Sparking an interest in psychiatry


The first time

At medical school, one of the days I remember the best was walking onto a psychiatry ward for the first time. The environment was completely different to the strip-lit and uniformed wards of the general hospital, and the atmosphere seemed charged (my first instinct was to blame static electricity resulting from cheap trousers).
After finding a willing patient, I presented my examination findings to a consultant, who then proceeded to unnerve me by demonstrating the ability to accurately anticipate/cold-read the patient’s background. Although I have since realised that this ability is based on experience (as in many medical specialties, sheer volume of clinical work leads to pattern recognition), when the placement concluded with a visit to a high security hospital, I left intrigued.

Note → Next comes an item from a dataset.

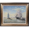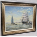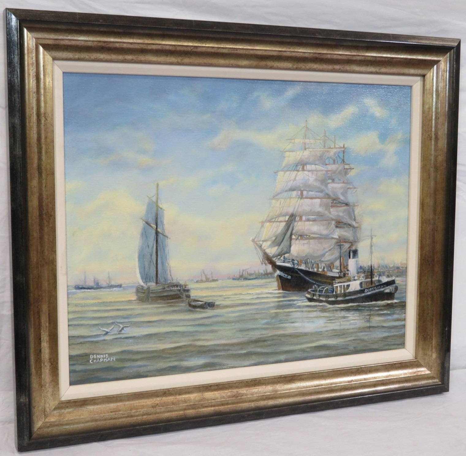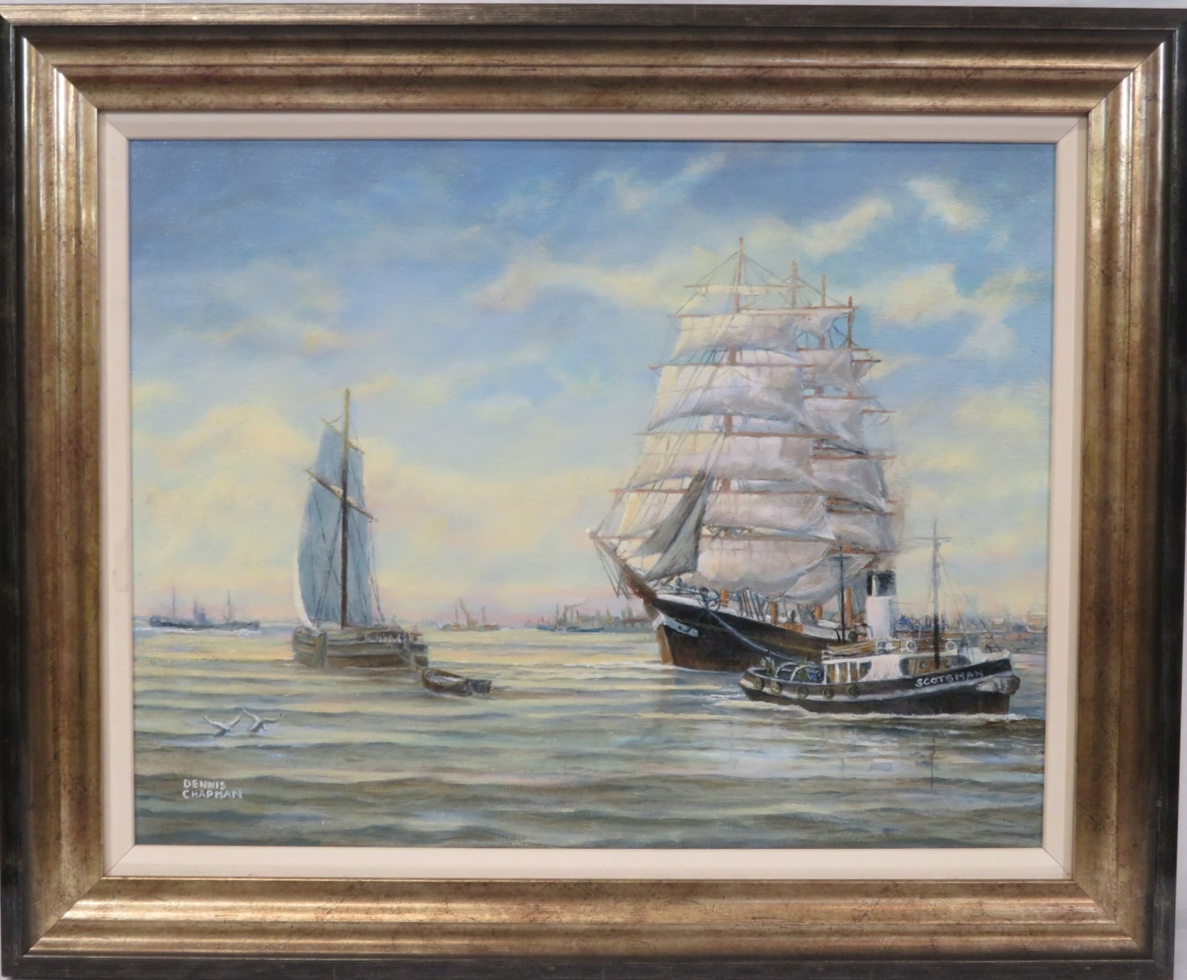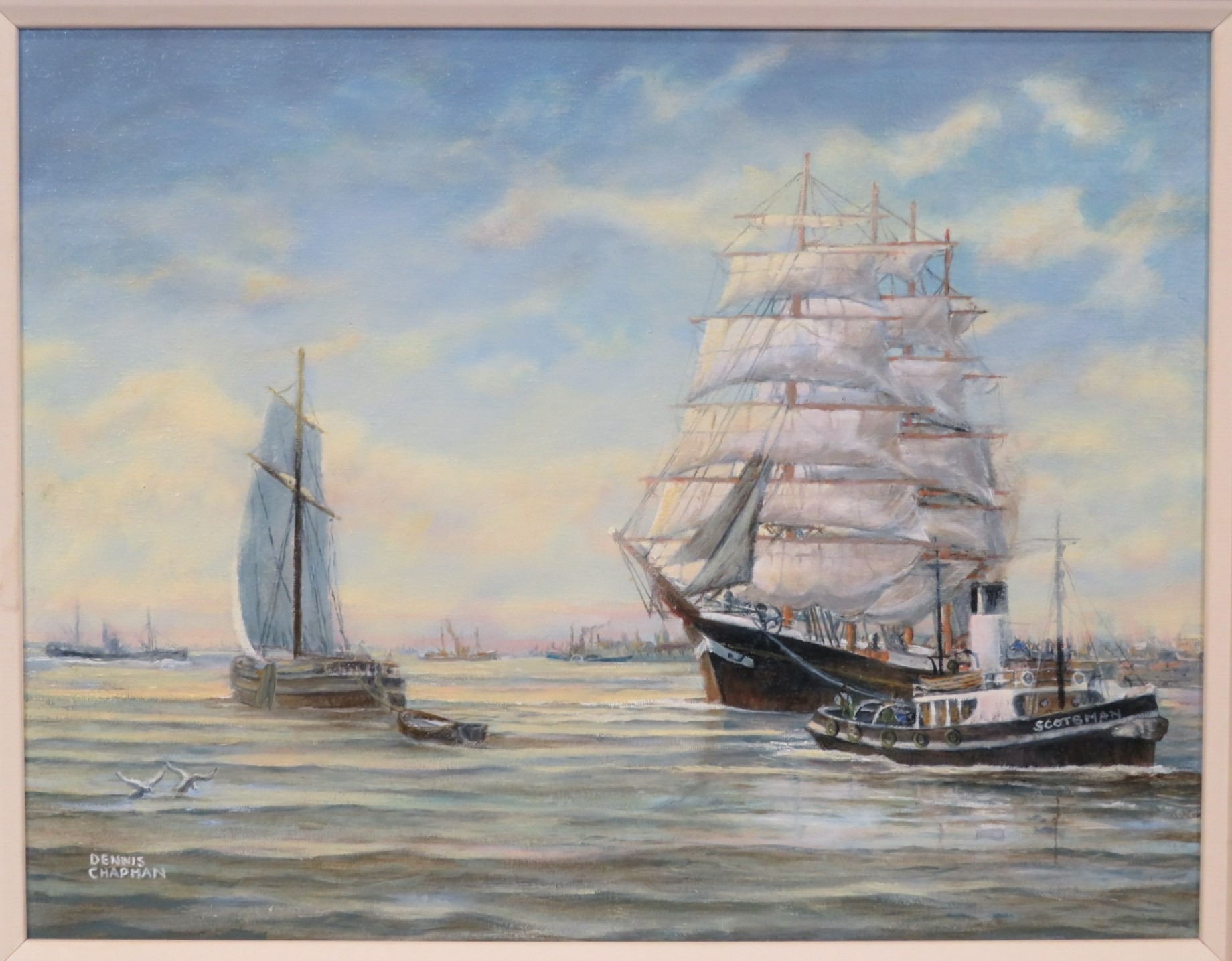 Denis Chapman 'Schooner under sail' oil on canvas, 35x45cm, signed

Following graduation I found myself immersed in the cut-and-thrust of accident and emergency medicine and was content for a good while. Slowly though, I began to notice that patients’ lives and stories would largely pass by, undigested like conveyor belt sushi. Eventually I decided to leave and apply for core psychiatric training (CPT).



Why don’t you become a social worker then?

Having recently completed CPT, I find myself wondering why the difficulties with recruitment and retention in psychiatry are so severe? For sure, the specialty has more to offer medical students than learning how to arrange chairs for an interview.


Most psychiatrists profess and maintain an interest in people and thus shrug-off a classic retort favoured by medical school interview panels: “why don’t you become a social worker then?” Psychiatry is as complex and challenging as human nature and has an unrivalled capacity to create novel and sometimes inspiring situations, ranging from sad to funny and despairing to hopeful.


As your training progresses, you are privileged to note that the human condition applies to us all and you learn how to listen and communicate effectively, contain your own and other’s anxiety and develop the ability to think on your feet.


Even if you don’t choose psychiatry as a career, the skills and experiences gained will have lasting value, wherever you end up.